Why negative and positive degree of cosine function is the same?

Question

I calculated $\cos(30^{\circ})$ and it is $\frac{\sqrt(3)}{2}$.

I calculated $\cos(-30^{\circ})$ and it is $\frac{\sqrt(3)}{2}$.

And, I don't know why? Can you explain me simply? I think that figures will be very much helpful.

Answer 1

This is because cosine is an even function, that is $\cos(-\theta)=\cos(\theta)$ (and also sine is an odd function so $\sin(-\theta)=-\sin(\theta))$.

Here is a sketch of the cosine function:

Answer 2

As the others said, the reason is because cos is an even function, but I just wanted to give you a nice insight into why cosine is even.

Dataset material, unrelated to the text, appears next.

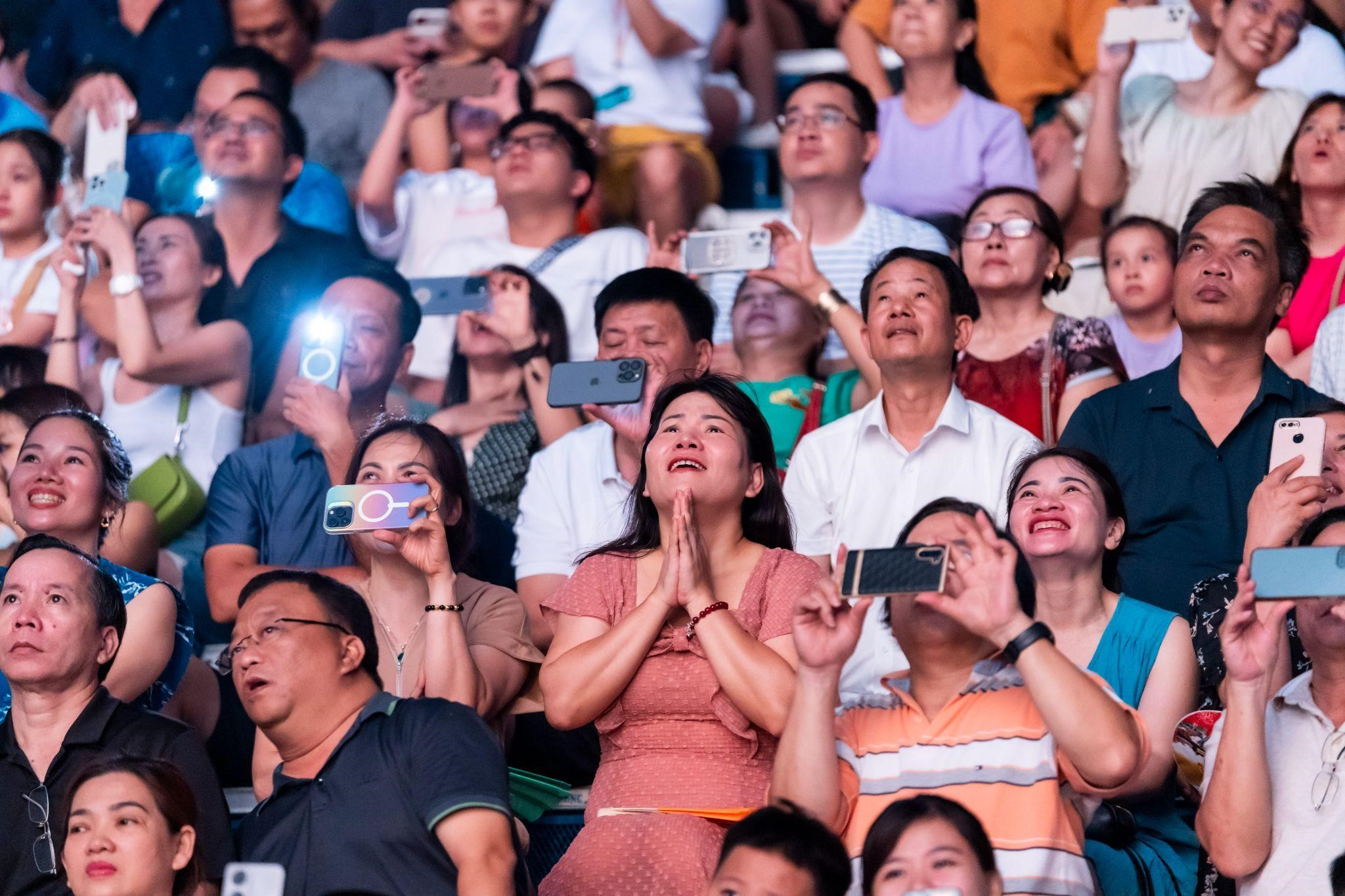 Tiếng reo hò và vỗ tay không ngớt, tạo nên một bầu không khí sôi động và phấn khích. Hàng nghìn khán giả bị cuốn hút bởi những màn trình diễn pháo hoa tuyệt vời, cảm nhận được sự kỳ diệu của thiên nhiên và con người qua từng đợt pháo hoa và giai điệu.

So if you take the trigonometric definition of cosine $$\cos(\theta) = \frac{x}{r}$$, where $r$ is the distance from the origin to the point ($\sqrt{x^2+y^2}$), which is always positive despite the values of $x$ and $y$.

Now, in the first case, assume that $\theta$ is in the first quadrant ($\theta\in(0,\pi/2)$), then $-\theta$ will be in the fourth quadrant($\theta\in(\pi,\frac{3\cdot\pi}{2})$), but both in the fourth and first quadrant $x$ is positive, so $$\cos(\theta)=\frac{x}{r}=\cos(-\theta)$$ For more elaboration see the picture below.

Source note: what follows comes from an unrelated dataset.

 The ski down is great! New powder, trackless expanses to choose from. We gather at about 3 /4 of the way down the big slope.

In the above picture as you can see $\alpha = -\theta$ but both of the angle corresponds to the same $x$ and opposite $y$. If you take one point as an example, you can see that both points correspond to $x = 0.707$ while for opposite $y's$, $0.707$ and $-0.707$. But as you know cos doesn't depend on the $y$ value. $$\implies \cos(\theta)=\cos(\alpha)=\cos(-\theta)= \frac{0.707}{\sqrt{0.707^2+0.707^2}}$$ This also works for the general case as long as $\theta$ is in the first quadrant.

Now, in the second case, assume that $\theta$ is in the second quadrant($\theta\in(\frac{\pi}{2},\pi)$), then $-\theta$ will be in the third quadrant($\theta\in(\pi,\frac{3\dot\pi}{2})$), but both in the second and third quadrant $x$ is negative so again $$\cos(\theta)=\frac{x}{r}=\cos(-\theta)$$ you can think of the above image reflected to get visualization.

You then don't have to think about the third and fourth quadrant because it is similar to proving it for the first and second quadrant. Therefore cosine is even which means $\cos(\theta) = \cos(-\theta)$ for any $\theta\in(0,2\cdot\pi)$

Answer 3

Draw a picture of a circle.

$\cos \theta, \sin \theta$ represent the $(x,y)$ values of a point on a unit circle at an angle $\theta$.

Isn't it clear and obvious that if you compare going clockwise around a circle versus going counter clockwise that the $x$ values will all be the same while the $y$ values will be opposite in sign? Just look at the picture:

So $\cos (-\theta) = \cos (\theta)=a$ and $\sin (-\theta) = -\sin \theta=-b$